[Stored dataset items]
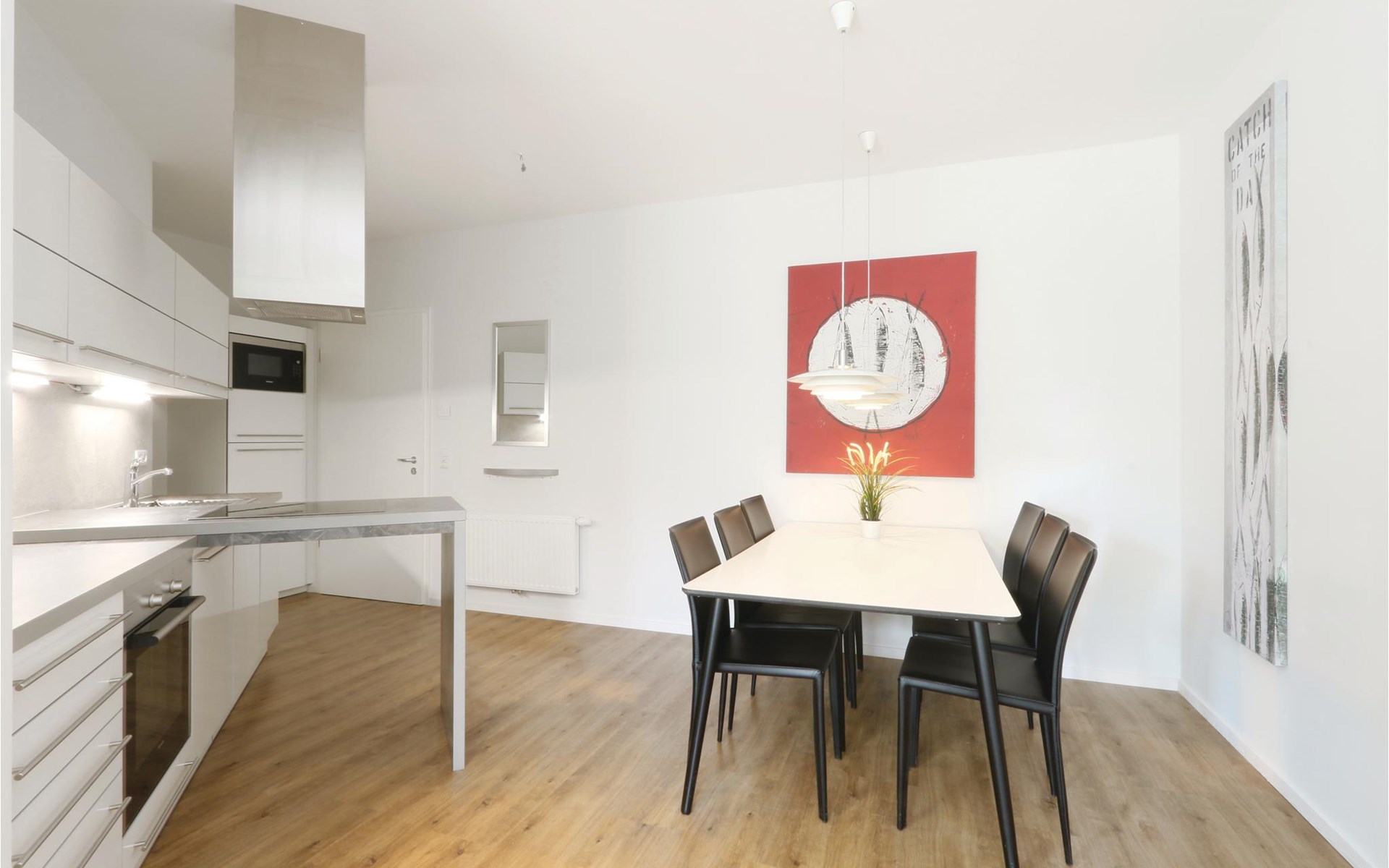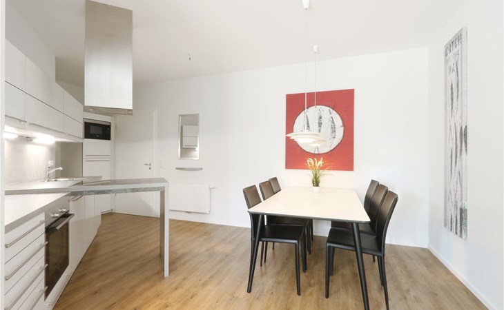 Die moderne Küchenzeile bietet ausreichend Platz zum Kochen und ist mit hochwertigen Markengeräten ausgestattet. Hier finden Kaffeeliebhaber eine Nespresso-Maschine (Kapseln bitte selbst mitbringen), sowie Thermoskanne und Handfilter zum Selbstbrühen, falls Sie doch den klassischen Filterkaffee bevorzugen.
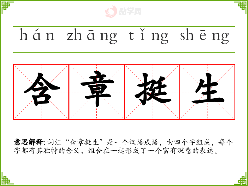 词汇“含章挺生”是一个汉语成语,由四个字组成,每个字都有其独特的含义,组合在一起形成了一个富有深意的表达。
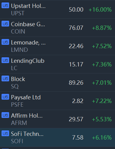 Fintech stocks surged in early trading. Upstart, Coinbase, Lemonade, Lending Club, Block, Paysafe, Affirm and SoFi climbed between 6% and 16%.
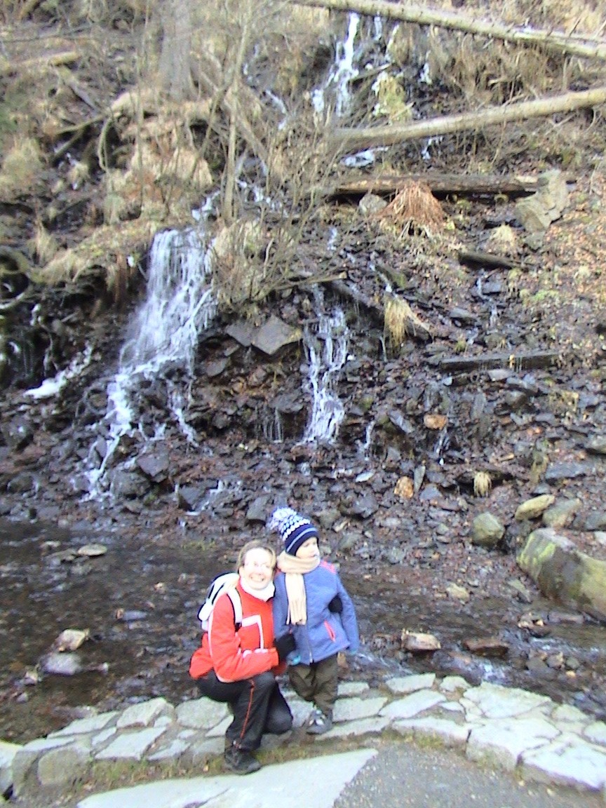Můžete zaparkovat os.auto na dvou místech,buď na horním parkovišti 30Kč/1 h. (u býv.restaurace Hubertus) nebo na dol.parkovišti za stejnou cenu. Na dolní parkoviště musíte ale projet celou Karlovou Studánkou. Vcentru se stejně nedá parkovat,všude je zákaz stání. Když zaparkujete na hor.park.,tak projděte celé parkoviště dozadu za dřevěné občerstvení a po schodech dolů. Naskytne se vám pohled na vodopády Karlové Studánky, kde si prameny vody razí cestu přes balvany a spadané kmeny stromů. Můžeme se dát vpravo po cestičce procházkou do centra kolem dřevěných stavení,ale nechoďte mimo trasu,jinak se propadnete do potůčku,který je zadělaný listím a tudíž nenápadný. Syn nám tam „zahučel" po kolena,ale nic hrozného a díky paní, co hlídá parkoviště jsme si výlet prodloužili o hodinku navíc za cenu hodiny. Bylo jí nás líto,že nám tam syn spadl a právě ona nás varovala,že raději po cestičkách! Asi tak vprostředku mezi dol. a hor.parkovištěm se nachází pitný pavilon,kde si můžete pro svou potřebu cca 5 l na osobu nabrat léčebnou minerální vodu. Přednost mají ale pacienti lázní. Když jsme tam byli my 13.12., tedy mimo sezonu, tak tam nebyla ani noha. Směrem od pit.pavilonu u cesty je nově zřízená meteorolog.stanice, která ukazuje nejen teplotu,ale také barometrický tlak a sílu větru. Dále můžete navštívit rozlehlý parčík,kde jsou opět potůčky a mini vodopád. Hned naproti je vidět léčebna,kde byl ubytován V.Havel.
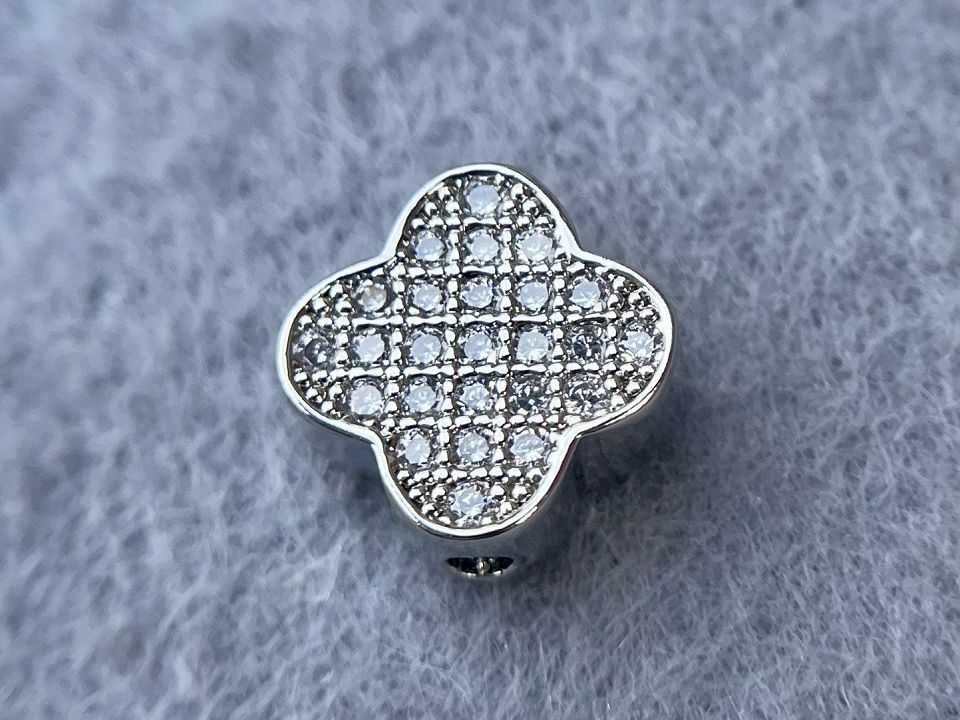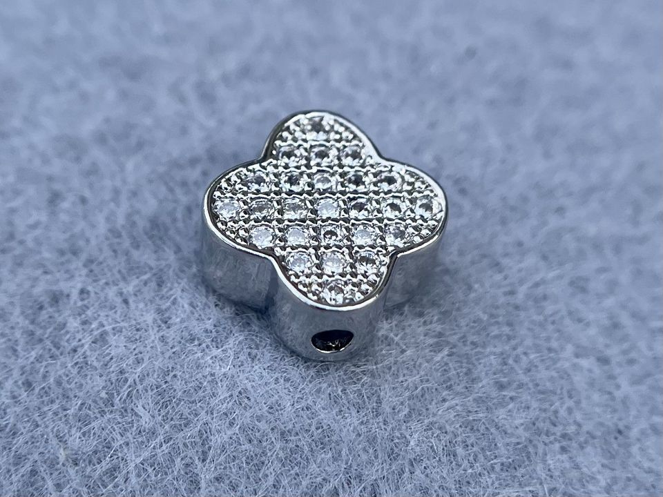 Бусина інкрустована Кубічним цирконієм (також називаються намистинами з фіанітами). Покриття родій. Колір – сталь. Розмір: 10 * 10мм, отвір-2мм. Ціна за 1 шт
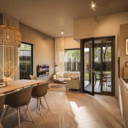 In 2023 zijn er in de eerste fase maar liefst 40 gloednieuwe lodges opgeleverd en in de verhuur gegaan. Sinds maart focussen we ons op de tweede fase. Toen zijn we gestart met de verkoop van diverse compleet nieuwe woningtypen. De nieuwe 4-, 6- en 8-persoons woningen kenmerken zich niet alleen door hun unieke uitstraling en hun eigentijdse interieur met veel comfort en luxe, maar ook door verschillende extra’s zoals in- en outdoor wellness, plungepool en buitenkeuken met BBQ.
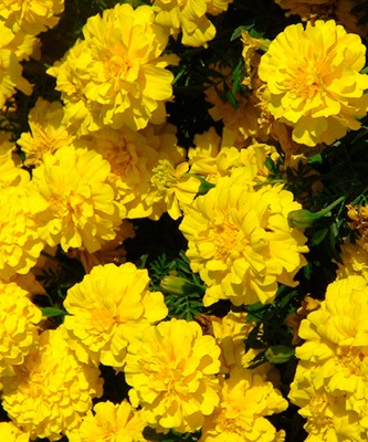 Бархатцы отклоненные махровые Бой Желтые. Куст компактный, высотой 20 см, густоветвистый. Соцветия гвоздиковидные, махровые, диаметром 3,5-4,5 см. Цветёт с июня по август. Используют для клумб, рабаток, бордюров  и создания декоративных пятен.
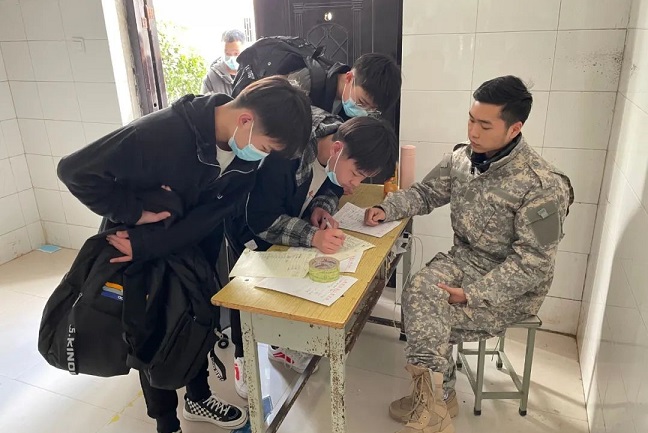 宿舍楼门口都坐有教官和老师值班,对进入宿舍的同学进行登记入住,并提醒同学们做好安全防范,特别是防火防盗安全。
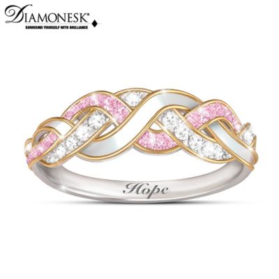 Hope Diamonesk Womens Ring Support Breast Cancer Awareness
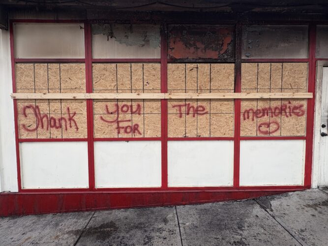 A message greets passersby this week amid the damage left at Flashbacks restaurant in downtown Tonganoxie. Friday’s fire caused massive damage to the diner.The Tonganoxie community is rallying around the family of a longtime downtown restaurant that suffered massive fire damage Friday.
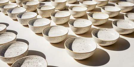 Minimalist ceramic bowls arranged in neat rows on sunlit surface. Tableware concept for modern kitchens, artisanal pottery, stylish dining presentations, kitchen branding and dishware advertising
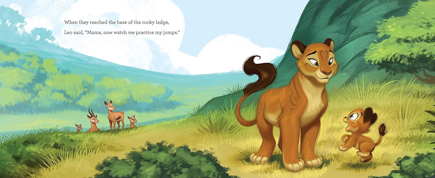 As Little Leo and his mother walk along the riverbank in the African grasslands, he watches all the animals playing and leaping around and gets an idea...what if he jumped to the top of that mountain in the distance?
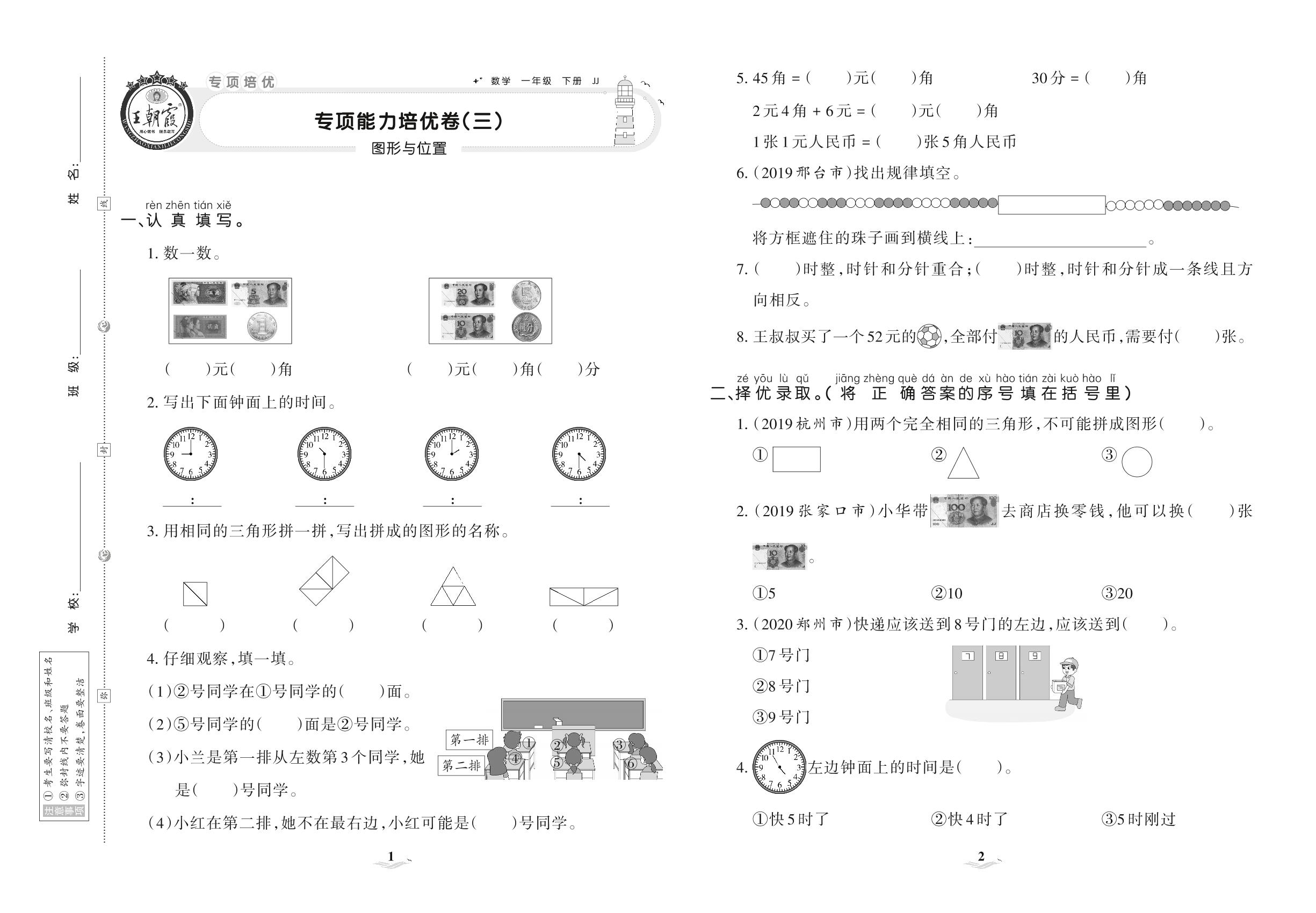 2021下册一年级数学冀教版 专项能力培优卷(三) 图形与位置

## Task details
The final stretch of the data, from the line with "Minimalist ceramic bowls" through its last line, is to be retyped exactly; pictures are not part of the copy.

## Expected output
 Minimalist ceramic bowls arranged in neat rows on sunlit surface. Tableware concept for modern kitchens, artisanal pottery, stylish dining presentations, kitchen branding and dishware advertising
 As Little Leo and his mother walk along the riverbank in the African grasslands, he watches all the animals playing and leaping around and gets an idea...what if he jumped to the top of that mountain in the distance?
 2021下册一年级数学冀教版 专项能力培优卷(三) 图形与位置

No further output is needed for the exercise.